The Walking Dead: así fue el final de la séptima temporada
¡Alerta de spoiler! La última temporada llegó a su fin con muertes, traiciones y balacera.
(Aviso de spoiler: si no querés saber lo que sucedió en el capítulo final de la séptima temporada no leas esta nota).
Finalmente la séptima temporada de The Walking Dead llegó a su fin, luego de un comienzo extremadamente violento en el que el malvado Negan desplegó todo su repertorio de crueldades y varios capítulos lentos en los que a través de las historias personales se preparó el terreno para el desenlace. Esta última emisión estuvo cargada de tensión y acción.
Mientras la batalla entre los "malosos" Salvadores y las distintas comunidades unidas por la sed de revancha de Ricky estaba lista a desencadenarse, una vez más, la trama apeló a un relato inteligente y elíptico de la mano del personaje de Sasha y un giro inesperado cuando una de las facciones traicionó al lado de los buenos comandados por el sheriff.

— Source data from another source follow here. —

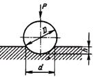 Рис. 4. Схема измерения твердости по Бринеллю: D - диаметр шарика; d - диаметр отпечатка; h - глубина отпечатка
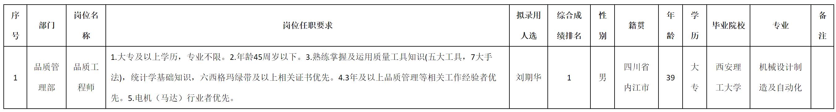 根據(jù)四川安和精密電子電器股份有限公司發(fā)布的招聘公告及招聘相關(guān)規(guī)定,經(jīng)測試、考察、體檢等程序,擬錄用劉期華同志到四川安和精密電子電器股份有限公司工作,現(xiàn)予以公示,具體情況如下:
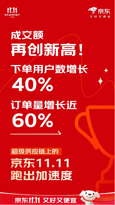 本報(bào)訊 (記者梁傲男)截至2025年11月11日23時(shí)59分,京東11.11成交額再創(chuàng)新高!下單用戶數(shù)同比增長(zhǎng)40%!訂單量同比增長(zhǎng)近60%!三方數(shù)據(jù)顯示,京東APP活躍用戶增長(zhǎng)幅度穩(wěn)居行業(yè)首位,在產(chǎn)品、價(jià)格、服務(wù)的綜合體驗(yàn)上京東收獲了最高的消費(fèi)者好評(píng)度。超級(jí)供應(yīng)鏈上的京東11.11跑出加速度。
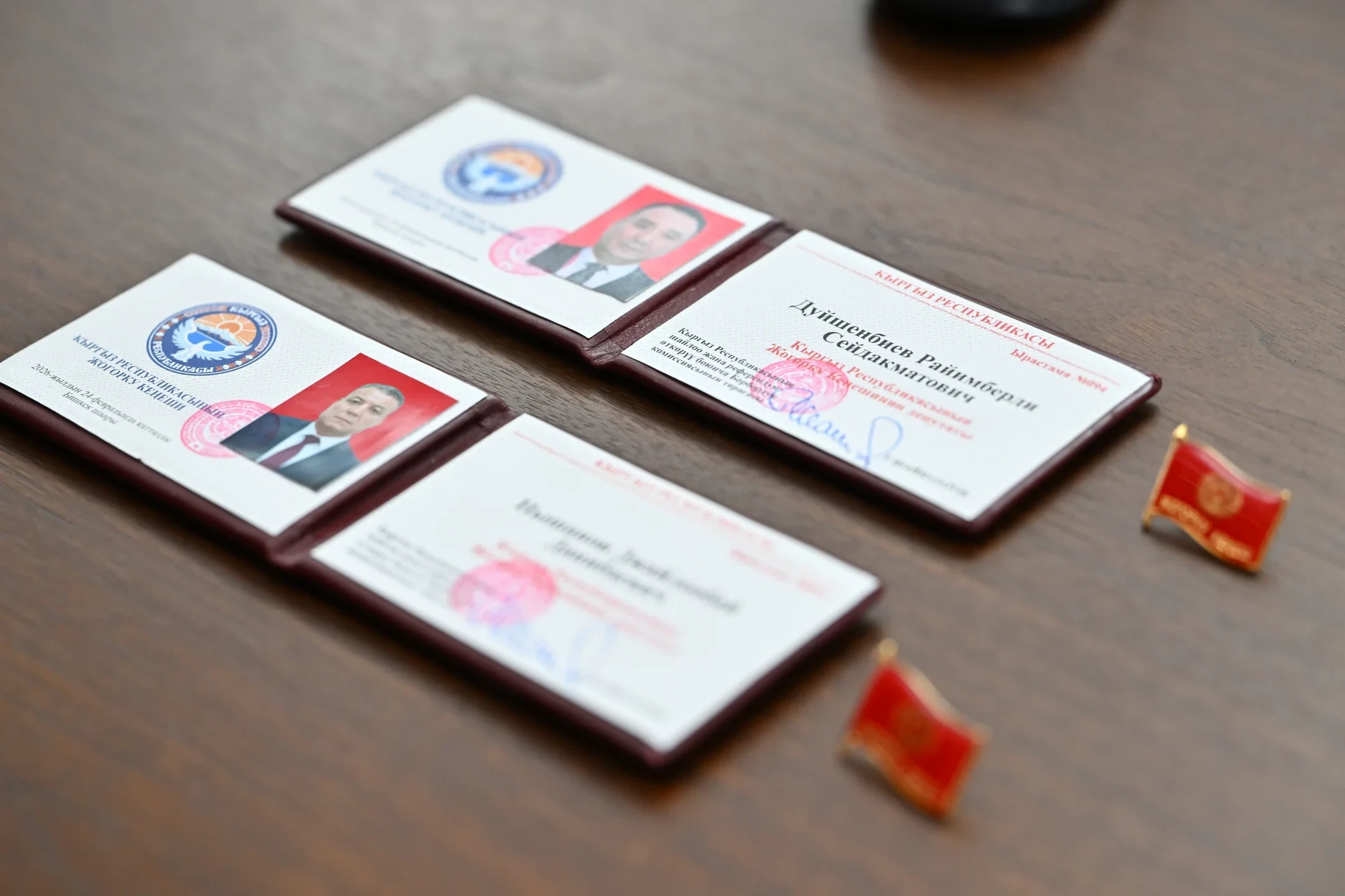 В соответствии с официальной информацией, Дуйшенбиев и Нышанов были зарегистрированы в качестве депутатов по своим округам, и им были вручены удостоверения и нагрудные знаки депутата.
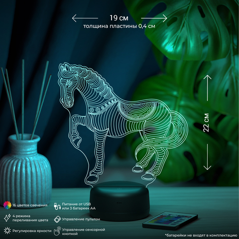 Питание: 3Д-Светильник работает от 3-х батареек АА или от USB провода. Возможна доукомплектация адаптером питания от сети 220V
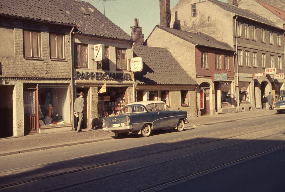 I förgrunden stadsgata. I bakgrunden en-, två- och treplanshus. Mitt i bild en parkerad bil. Affärer i bottenplanet. På en skylt står det pappershandel. "Centrum radio television", "Glasögonhuset", "Hattar Mössor", "Rum", "Kött".
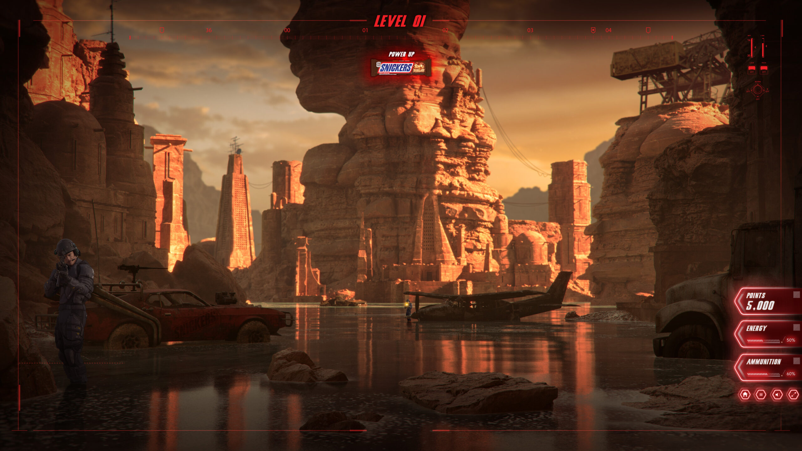 The final key visual for the game is a dramatic desert scene bathed in warm sunset light, featuring ancient temple ruins, sculpted rock formations, and post-apocalyptic vehicles. A massive carved stone head dominates the landscape, creating an epic, cinematic mood. This visual sets the tone for the Snickers gaming experience—bold and unforgettable.
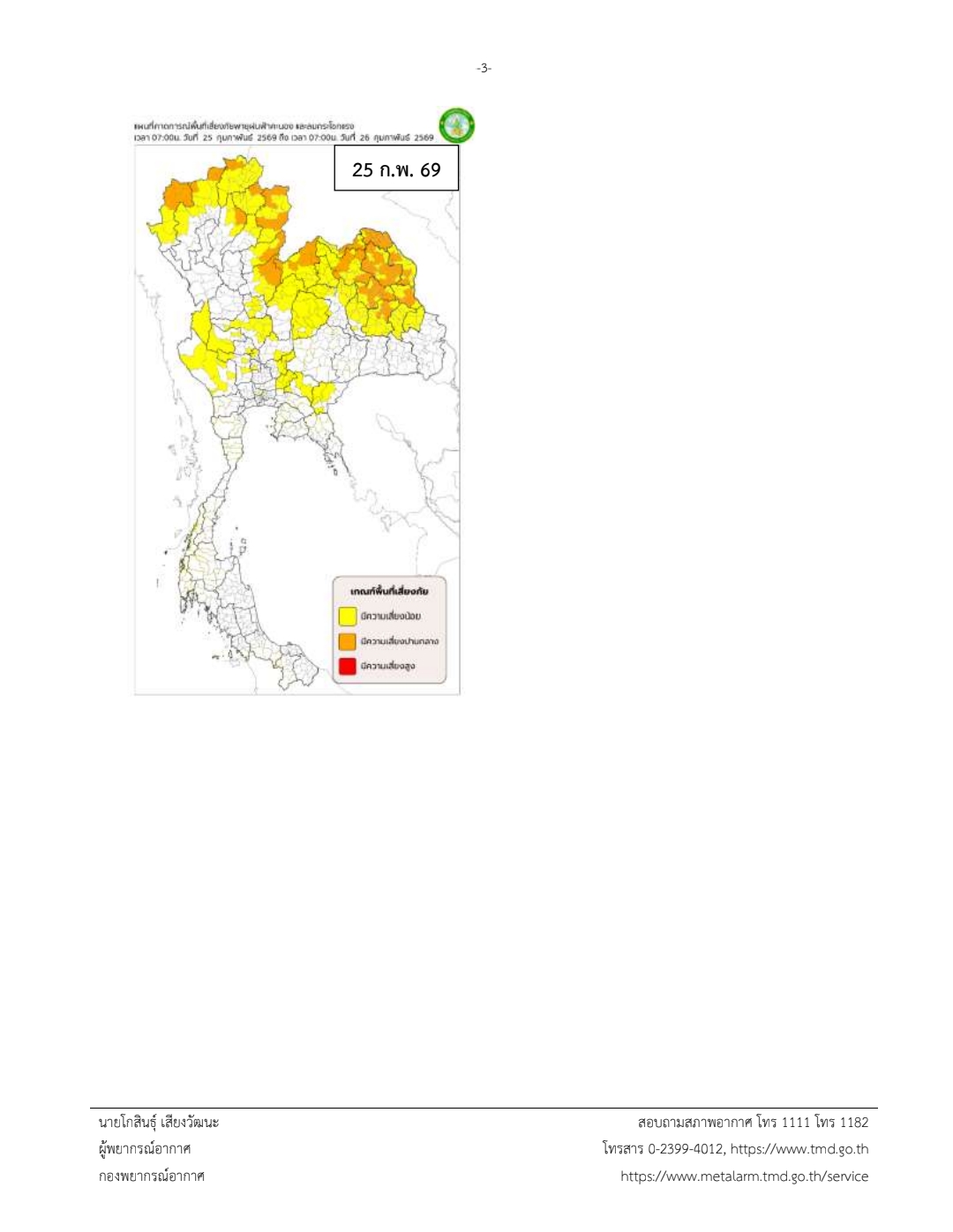 ประกาศกรมอุตุนิยมวิทยา เรื่อง พายุฤดูร้อนบริเวณประเทศไทยตอนบน (มีผลกระทบในช่วงวันที่ 23-25 กุมภาพันธ์ 2569) ฉบับที่ 2
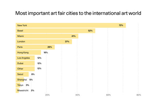 When asked what cities with major art fairs are most important to the international art world, this combination comes to the fore. New York was identified by the most respondents (75%) as among the most important art fair cities in the international art world. As well as its deep art scene and resilient concentration of collectors, the Big Apple has two distinct annual art fair moments—two weeks in May, anchored by Frieze New York; and a week in September, anchored by The Armory Show—whereas most cities tend to have one.
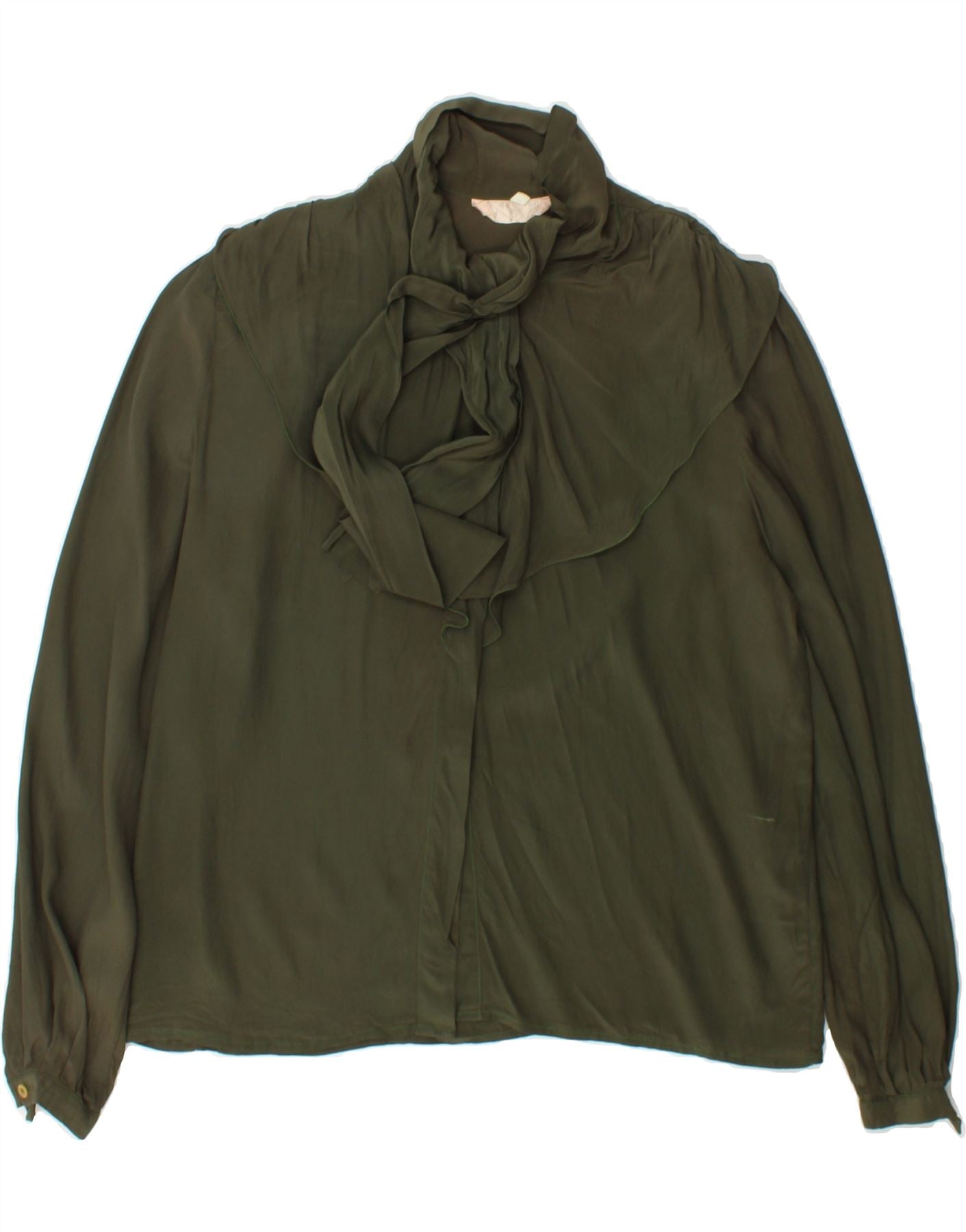 VINTAGE Womens Front Tie Shirt Blouse IT 42 Medium Khaki
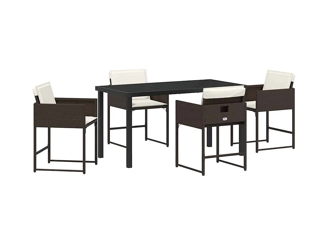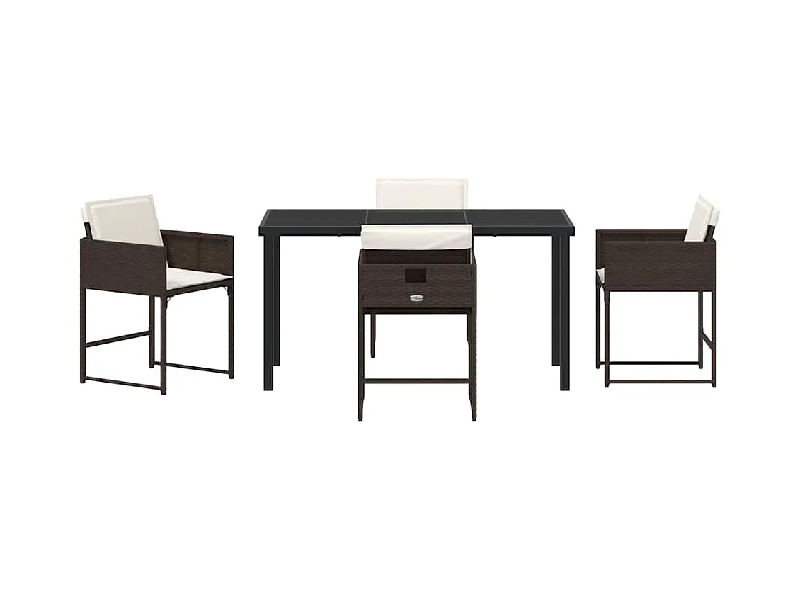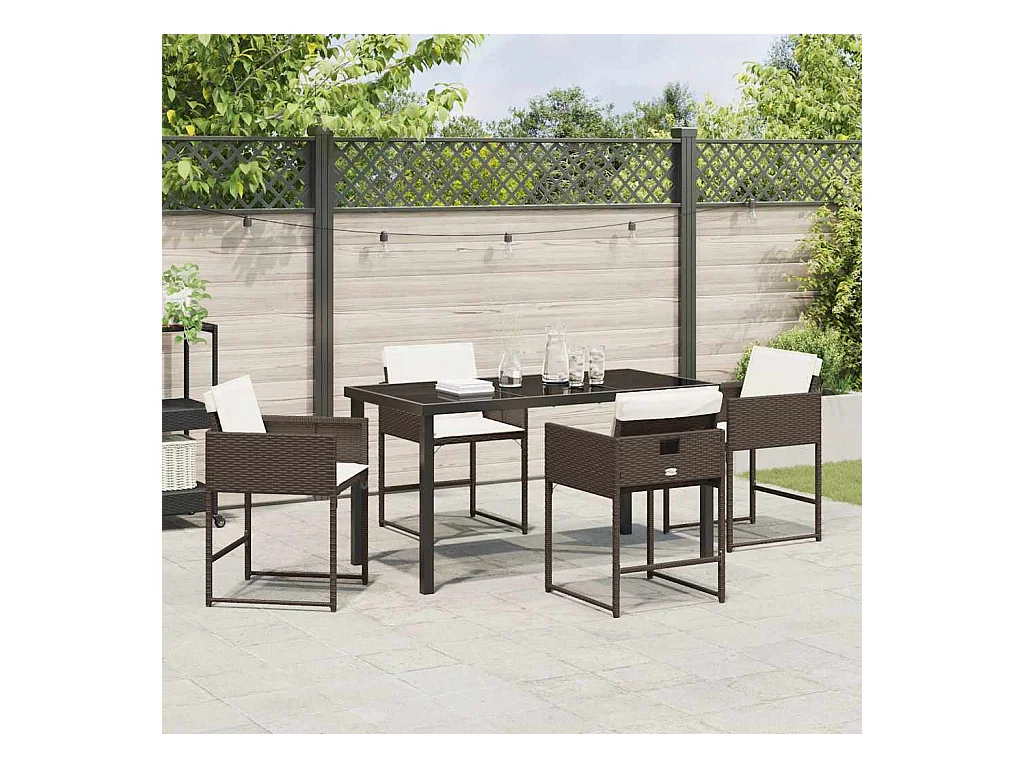 Ensemble de repas de jardin 5 pièces avec coussins marron en rotin poly

Junto a Rosita y Eugene, el personaje de Sasha fue uno de los más interesantes de esta temporada y fue a través de sus ojos y su juego de flashbacks (con escenas junto a su ex Abraham, muerto por el bate de béisbol de Negan) que los televidentes recrearon una historia de amor profunda y cosecharon la ira necesaria para llegar al combate y entender por qué la misma Sasha se quitaría la vida en pro de no ser usada contra los suyos por el diabólico Negan. ”Si vas a morir, que tenga un sentido”, le había dicho Abraham en una charla previa dándole una gran lección, paradójicamente, de vida.
Y así fue nomás, convertida en zombie Sasha desató la inevitable balacera entre los bandos que se encontraban cara a cara en las puertas de Alexandría. Pero segundos antes, la trama había tenido un giro impensado, cuando todo hacía suponer una ofensiva de Rick y los suyos que comenzaría haciendo volar por los aires con bombas a Negan y el grupo de Salvadores presentes, una de las facciones desactivó el arsenal y puso literalmente de rodillas al grupo de los buenos.

Con sed de venganza, y mucha malicia, Negan juró saciar la sed de Lucille (su bate con alambrado de púas) con la cabeza de Carl (hijo de Rick), pero cuando el destino parecía escrito el tigre del Rey Ezequiel irrumpió la escena y dispersó a todos. Así quedaron las cosas, los Salvadores replegándose y los de Alexandría reagrupando fuerzas.
En este contexto abrirá la octava temporada, Negan y los suyos ya declararon la guerra y están dispuesto a volver al ataque mientras que los de Rick también saben que el único camino posible es la batalla. Así, cuando suceda lo inevitable sabremos que no habrá término medio y mucha sangre correrá por este mundo post apocalíptico. Quiénes ganaran y a qué costo no lo sabemos, lo único que está claro es que el nivel de adrenalina con el que terminó la temporada siete deja a los creadores de la serie ante la inmejorable posibilidad de hacer un nuevo ciclo electrizante.